Your copy should begin with the line containing "8/30(木) 環境整備1 公開日", end with the line containing "能直接判斷肌膚油性、乾性、過", match the listing below exactly, and contain no pictures.

DATA EXTRACTS ->
····················
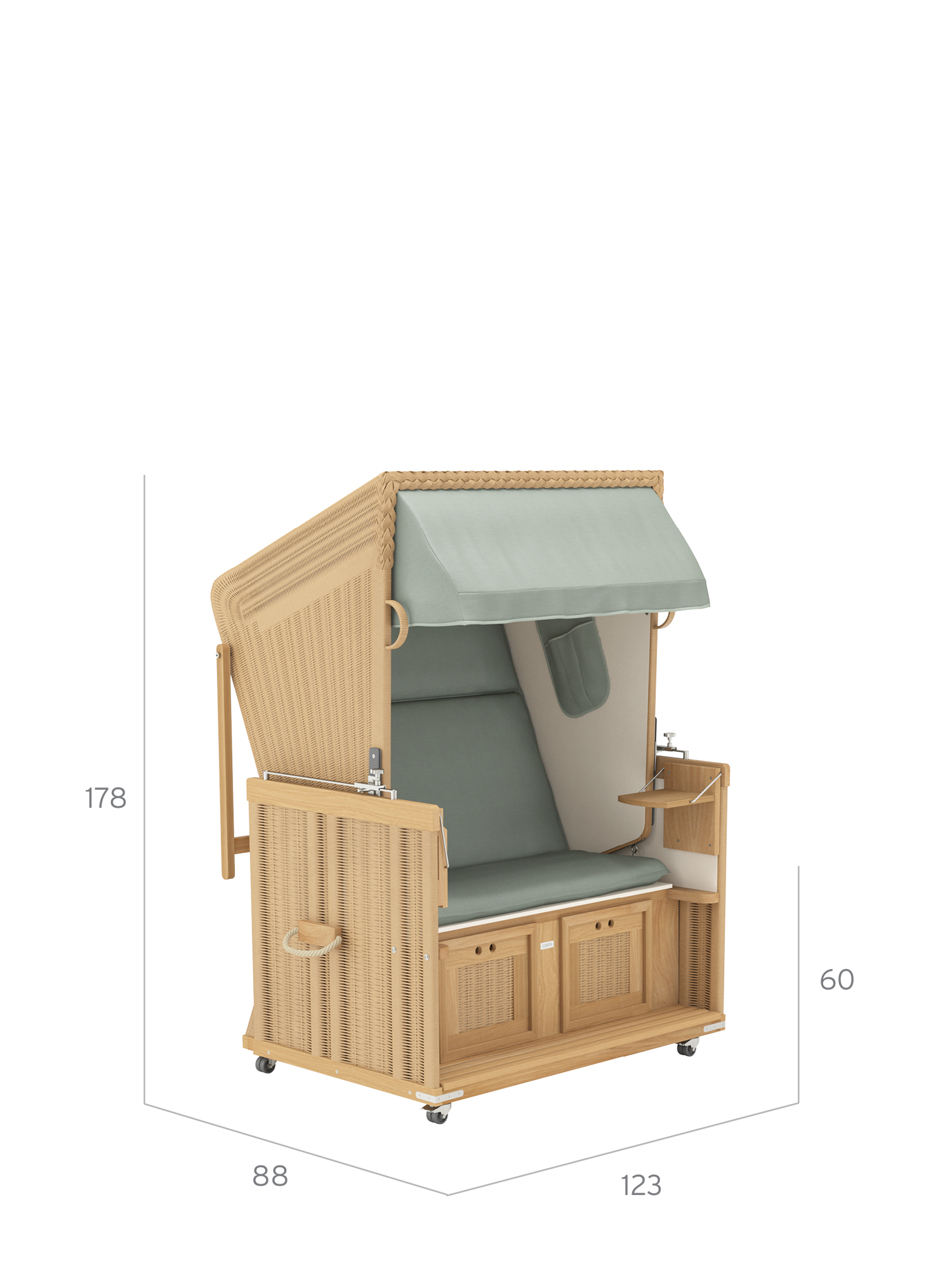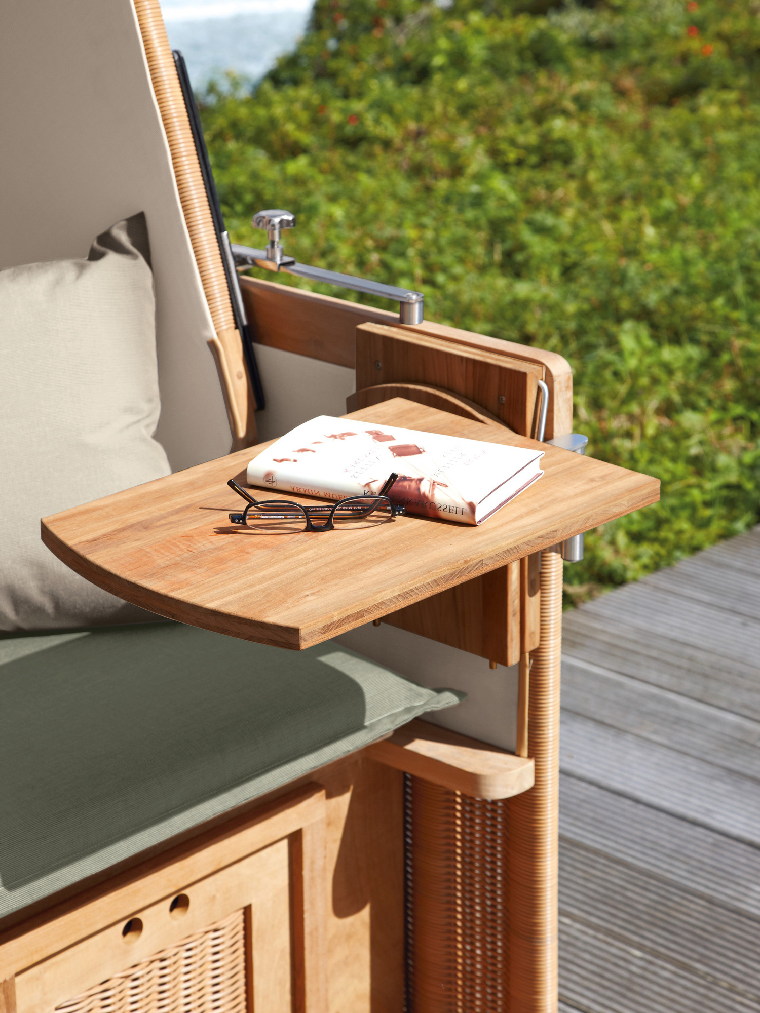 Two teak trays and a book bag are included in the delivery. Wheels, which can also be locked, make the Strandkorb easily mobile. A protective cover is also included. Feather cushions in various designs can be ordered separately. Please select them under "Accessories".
····················
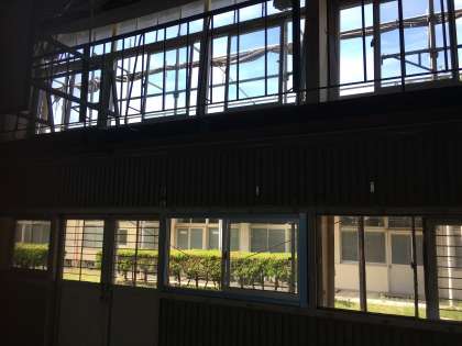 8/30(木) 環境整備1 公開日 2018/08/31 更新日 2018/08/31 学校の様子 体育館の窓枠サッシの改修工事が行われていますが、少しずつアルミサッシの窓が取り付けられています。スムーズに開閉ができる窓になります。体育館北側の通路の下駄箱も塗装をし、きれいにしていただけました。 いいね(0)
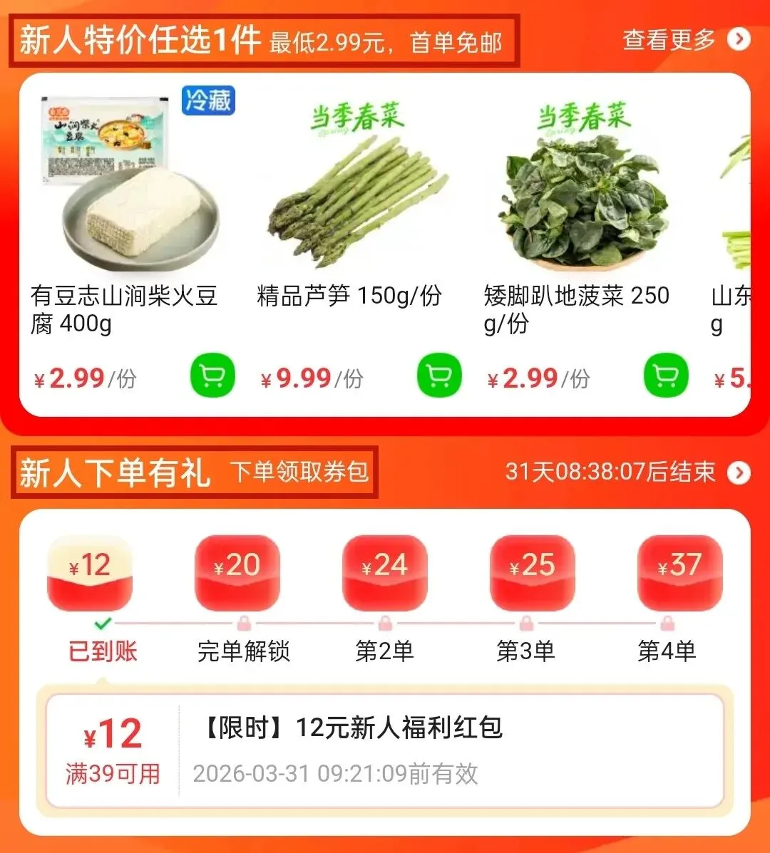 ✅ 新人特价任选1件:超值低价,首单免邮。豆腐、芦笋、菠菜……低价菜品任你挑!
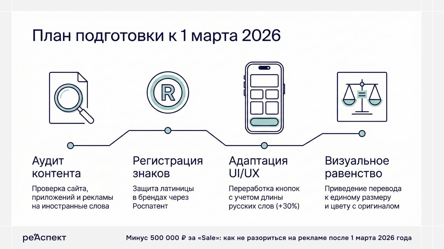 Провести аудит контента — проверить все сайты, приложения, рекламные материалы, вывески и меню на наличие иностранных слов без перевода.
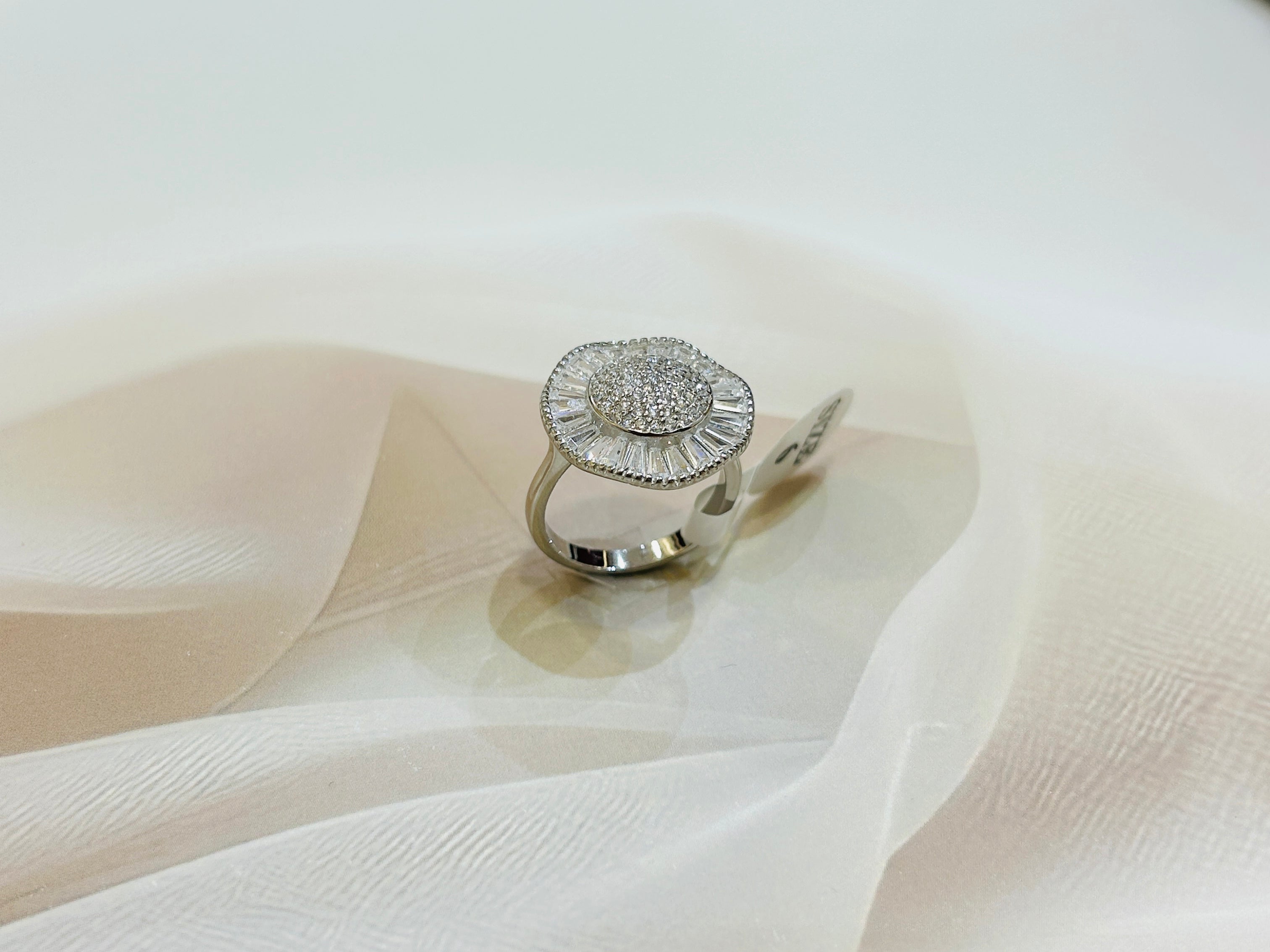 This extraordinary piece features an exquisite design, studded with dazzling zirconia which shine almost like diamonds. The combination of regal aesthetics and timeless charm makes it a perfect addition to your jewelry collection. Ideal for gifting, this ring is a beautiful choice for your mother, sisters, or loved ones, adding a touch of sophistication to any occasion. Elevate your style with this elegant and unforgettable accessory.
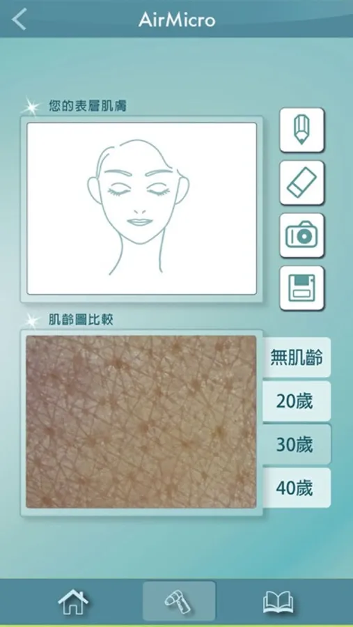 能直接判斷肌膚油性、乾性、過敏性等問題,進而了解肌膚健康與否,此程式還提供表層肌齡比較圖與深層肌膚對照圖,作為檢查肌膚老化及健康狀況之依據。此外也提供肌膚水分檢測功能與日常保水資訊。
····················
THE COMPLETED TASK ->
 8/30(木) 環境整備1 公開日 2018/08/31 更新日 2018/08/31 学校の様子 体育館の窓枠サッシの改修工事が行われていますが、少しずつアルミサッシの窓が取り付けられています。スムーズに開閉ができる窓になります。体育館北側の通路の下駄箱も塗装をし、きれいにしていただけました。 いいね(0)
 ✅ 新人特价任选1件:超值低价,首单免邮。豆腐、芦笋、菠菜……低价菜品任你挑!
 Провести аудит контента — проверить все сайты, приложения, рекламные материалы, вывески и меню на наличие иностранных слов без перевода.
 This extraordinary piece features an exquisite design, studded with dazzling zirconia which shine almost like diamonds. The combination of regal aesthetics and timeless charm makes it a perfect addition to your jewelry collection. Ideal for gifting, this ring is a beautiful choice for your mother, sisters, or loved ones, adding a touch of sophistication to any occasion. Elevate your style with this elegant and unforgettable accessory.
 能直接判斷肌膚油性、乾性、過敏性等問題,進而了解肌膚健康與否,此程式還提供表層肌齡比較圖與深層肌膚對照圖,作為檢查肌膚老化及健康狀況之依據。此外也提供肌膚水分檢測功能與日常保水資訊。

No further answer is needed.